A witness said he met Bocabal and they became close during their stay at Apduhan’s residence. He said Bocabal stayed in a room on the ground floor of the house, which Apduhan forbade anyone to enter.

Yap said Bocabal’s rescue was prompted by a letter from Bocabal’s mother to Vice Gov. Agnes Magpale. He said the letter “ascribes no clear, categorical and definite insinuation of alleged kidnapping, abduction or wrongful detention committed or known to be committed equally by any person or group of persons against her daughter.

The prosecution says Bocabal is suffering from Stockholm syndrome, a psychological phenomenon that makes her feel sympathy toward her alleged captor. It plans to present a psychologist as a witness in today's hearing.

Stockholm syndrome

Dr. Rene Obra, a psychiatrist, said over radio dyHP that Stockholm syndrome is not a mental illness.

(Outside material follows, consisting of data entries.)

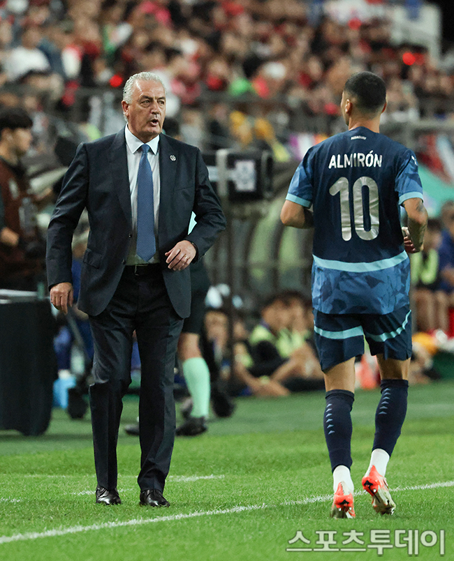 [½ºÆ÷Ã÷Åõµ¥ÀÌ ÆØÇöÁØ ±âÀÚ] 14ÀÏ ¼¿ï¿ùµåÄŰæ±âÀå¿¡¼ ¿¸° Ã౸ ±¹°¡´ëÇ¥ÆÀ Çѱ¹°ú ÆÄ¶ó°úÀÌÀÇ Ä£¼±°æ±â, ÆÄ¶ó°úÀÌ ±¸½ºÅ¸º¸ ¾ËÆÄ·Î °¨µ¶ÀÌ ¼±¼öµé¿¡°Ô À̾߱âÇϰí ÀÖ´Ù. 2025.10.14.
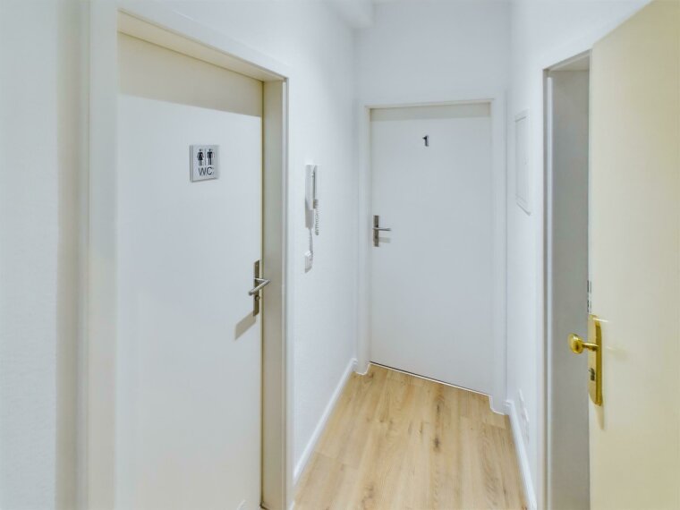 Beim Betreten der Wohnung empfängt Sie ein einladender Eingangsbereich, der den Zugang zu allen Räumen ermöglicht. Die modern ausgestattete Küche bildet das Herzstück der gemeinschaftlichen Nutzung und ist funktional gestaltet. Über den Flur gelangen Sie zu den drei möblierten Zimmern sowie dem stilvollen Badezimmer, die alle in einem sehr gepflegten und bezugsfertigen Zustand präsentiert werden.
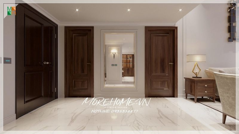 Trang trí biệt thự, nhà phố đẹp, sang trọng với ý tưởng sử dụng phong cách thiết kế nội thất tân cổ điển kết hợp đồ nội thất gỗ óc chó.
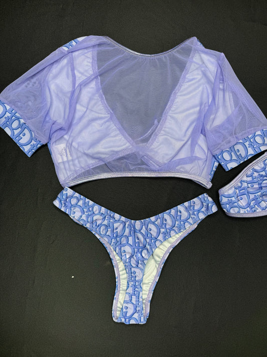 Lavender Designer Spandex/Lavender Mesh Two-Piece Cheeky Thong Lingerie Outfit
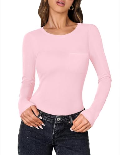 Aottori sous Vêtement Thermique Femme Manches Longues T Shirt Col Rond Élégant Haut Côtelé avec Poche Slim Fit Top Basic Extensible Respiratoire Décontracté Rose S
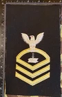 Here is a United States Navy rating or rank badge / patch for Steelworker Chief Petty Officer Patch. USN SWC, Seabee, multi-piece construction gold embroidered chevrons and silver embroidered eagle and specialty mark on blue or black material. This patch appears to be new, old stock (NOS). Excellent condition, see photos.
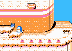 And Yume Penguin Monogatari feels like it may be an answer to all those crying Nintendo kids. Yes, thanks to the timer and weight requirements, it may be impossible for some people to beat even the first level, left alone finish the entire game; but will everyone be able to see the majority of level 1? It’s pretty likely! Penta merely “trips” or inflates to bulbous size when attacked by an enemy, and is not immediately obliterated like so many Gradius defenders. And that’s great! The worst part of any of those one-hit kill games (or games that require a continue after rapidly vanishing “lives”) is that it was nearly impossible to be prepared for the end of a level. People expect increasing difficulty, so it’s only natural that the end of the stage would be the most challenging section. But if you spent all your lives on the initial, “easy” bits (because you’re, ya know, an eight year old just trying to have fun), then the finale is simply going to be a swift kick in the teeth before getting booted back to the beginning. In Yume Penguin Monogatari, however, you actually have a chance. Yes, Penta might be waddling along at maximum fat levels, and it might be abundantly clear that he’s going to get his tubby tail feathers dumped at the end of the stage, but at least you get to see what’s at the end of the stage. At least you get to play the actual game, as opposed to simply being annihilated at the starting gate. At least you can learn from your mistakes, and not be completely blindsided/destroyed by some manner of pig-zeppelin at the end of the level.
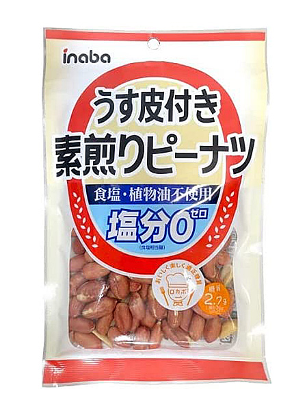 落花生本来のおいしさにこだわり、うす皮ごとお召し上がりいただけるよう香ばしく煎り上げました。食塩・植物油不使用
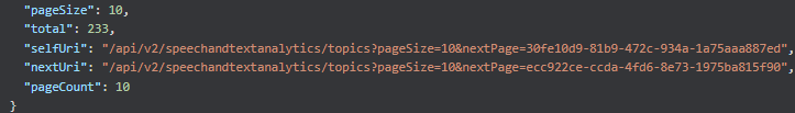 Due to this constraint, we can't actually see all of our topics via the API, as pageSize is capped at 500. Since our total Topics = 530, you can't paginate to 2nd page to see the last 30.
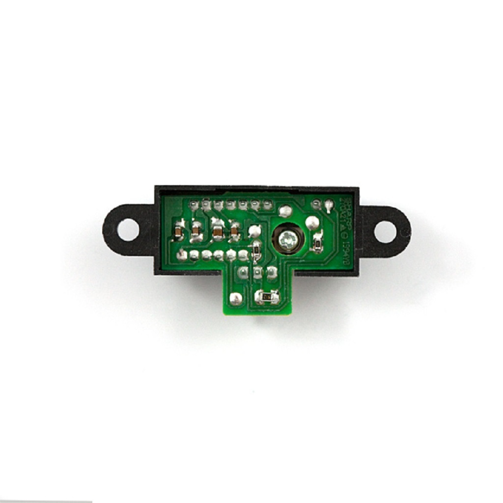 Датчик расстояния GP2Y0A41SK0F является отличным устройством, для добавления функции обхода препятствия или обнаружения движения, вашему роботу или другому проекту. С диапазоном обнаружения от 10 до 30 см и выходным аналоговым сигналом показывающим расстояние, этот датчик очень прост в использовании. Датчики GP2Y0A41SK0F являются популярным выбором для различных проектов, которым требуется точное измерение расстояния. Этот инфракрасный датчик более экономичен по сравнению с ультразвуковым дальномером, а также обеспечивает лучшее быстродействие по сравнению с другими инфракрасными датчиками. Непосредственная связь с большинством микроконтроллеров реализуется за счёт соединения аналогового выхода с аналого-цифровым преобразователем для измерения значений, или через компаратор, для порогового обнаружения. Определяемое расстояние для этой версии датчика от 4 до 30 см. В GP2Y0A41SK0F используется 3-х выводной разъём JST совместимый с 3-х жильным кабелем JST. Также можно просто припаять три провода, если смотреть сзади, то слева направо: питание, земля и выходной сигнал.

Obra, head of the Vicente Sotto Memorial Medical Center for Behavorial Sciences, said being sympathetic to a captor could be a way for a captive to survive.

Baflor said her sister was depressed after discovering that her husband had a child with another woman. Bocabal and her husband were childless.

Baflor said she noticed bruises on Bocabal’s body after she was rescued from the ah Apduhan household but the latter denied she was raped.

Published in the Sun.Star Cebu newspaper on May 09, 2014.